> **GIVEN DATA**

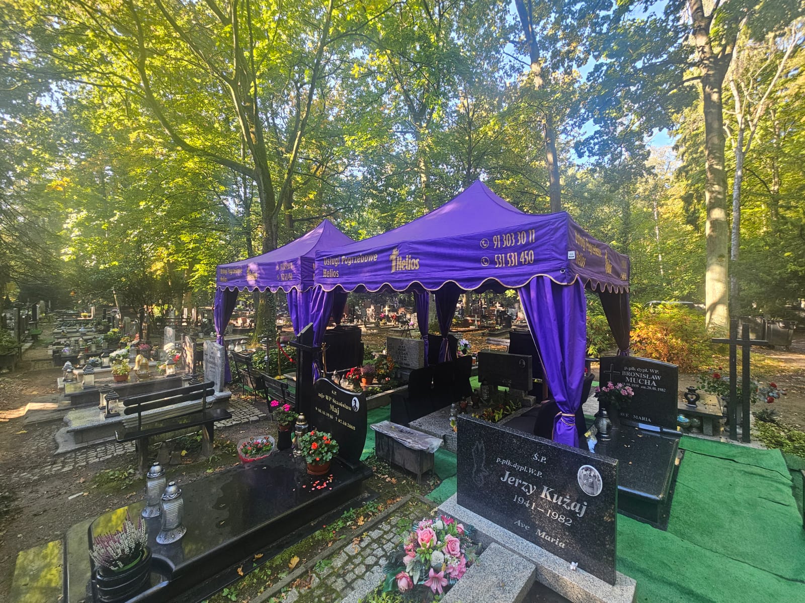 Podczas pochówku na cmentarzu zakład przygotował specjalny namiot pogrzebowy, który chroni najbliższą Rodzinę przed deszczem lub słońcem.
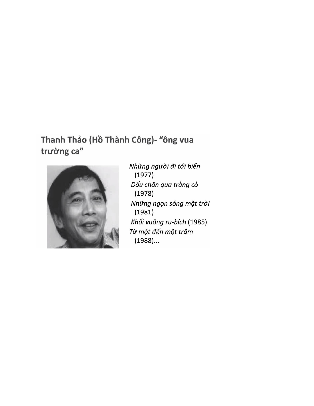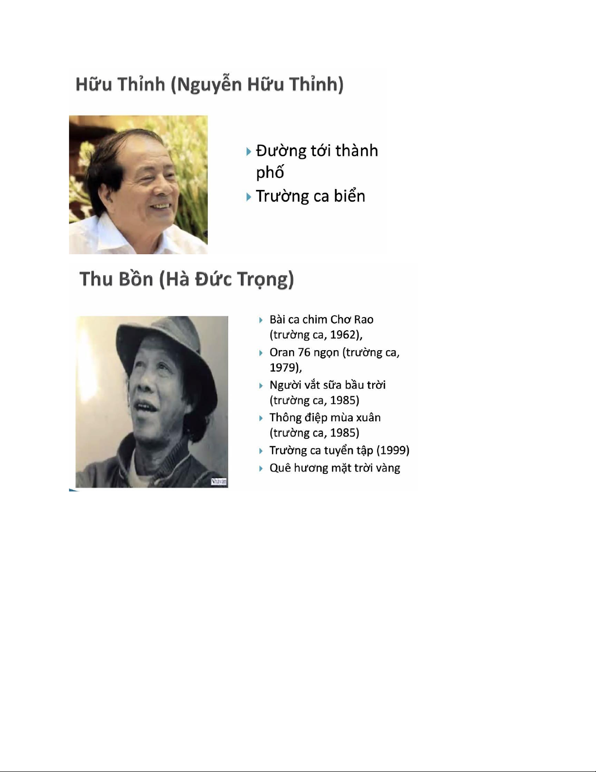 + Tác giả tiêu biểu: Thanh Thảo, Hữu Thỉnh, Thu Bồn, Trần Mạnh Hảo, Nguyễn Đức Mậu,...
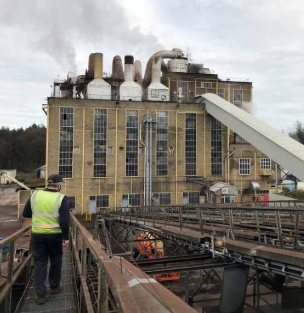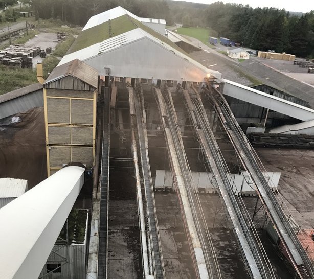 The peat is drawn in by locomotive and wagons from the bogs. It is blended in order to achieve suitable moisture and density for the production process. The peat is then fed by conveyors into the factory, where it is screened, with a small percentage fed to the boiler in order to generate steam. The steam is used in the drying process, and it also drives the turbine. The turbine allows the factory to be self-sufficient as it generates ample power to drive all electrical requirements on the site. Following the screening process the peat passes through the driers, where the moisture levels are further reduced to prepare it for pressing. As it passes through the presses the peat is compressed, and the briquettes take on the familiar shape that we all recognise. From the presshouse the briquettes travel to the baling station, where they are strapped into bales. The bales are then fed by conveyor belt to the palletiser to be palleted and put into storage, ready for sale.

> **EXERCISE**
Skip the pictures and restate exactly the lines from the beginning of the listing to the line with "Nguyễn Đức Mậu,...", that line included.

> **RESPONSE FOR THIS EXERCISE**
 Podczas pochówku na cmentarzu zakład przygotował specjalny namiot pogrzebowy, który chroni najbliższą Rodzinę przed deszczem lub słońcem.
 + Tác giả tiêu biểu: Thanh Thảo, Hữu Thỉnh, Thu Bồn, Trần Mạnh Hảo, Nguyễn Đức Mậu,...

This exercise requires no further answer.